It is hard to avoid the conclusion that the prospect that even forces within the UCPN(M) which are themselves critical of the dominant line and leadership of that Party, will actually seriously rethink, and then break with and mount real opposition to, this whole course—the prospect that such forces will, in a timely way in the critical circumstances, recognize the validity of, and act in accordance with, the revolutionary-communist critique that has been repeatedly made of this whole orientation and approach, including through speaking to the essential particularities of the current situation—this prospect seems increasingly bleak.  The likelihood looms, and is growing, that the most compelling refutation of the revisionist line will turn out to be the practical reality of a disaster for the revolution and, in one form or another, destruction of the revolutionary forces (their full and final degeneration into revisionism and/or their physical decimation at the hands of the reactionaries), which this revisionist line is actually leading toward.

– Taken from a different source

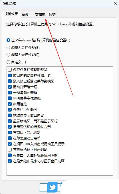 4、随后,在性能选项窗口中,切换到“数据执行保护”选项栏。

Nevertheless—and in fact precisely because this latter prospect, of devastating defeat, with its attendant demoralization and disorientation, not only for genuine revolutionaries but also for masses of people, in that country but also well beyond, is increasingly and ever more acutely posing itself—it remains crucial to wrestle with the question of how a decisive altering of this course, a real rupturing with revisionism, might be effected. As has been repeatedly, and very rightly, emphasized: In the current circumstances and given the current trajectory of things in Nepal, the real meaning and content of internationalist support is not acting as cheerleaders while the revolution is increasingly derailed onto a course heading toward a cliff and into the abyss, but instead a sharp and substantive criticism of this course, pointing to the urgently needed rupture back onto the revolutionary road. 

Such criticism has been made, repeatedly.  The question is now acutely posed: Will those who genuinely want to see the revolution in Nepal advance, rather than being decisively defeated, and who still might be able to fight effectively for the needed ruptures—will they finally take to heart this criticism and take up the substance of what it is raising, before it is too late?


* Resolution of the Central Committee of the Unified Communist Party of Nepal (Maoist), "Present Situation and Historical Task of the Proletariat" (2009).  [back]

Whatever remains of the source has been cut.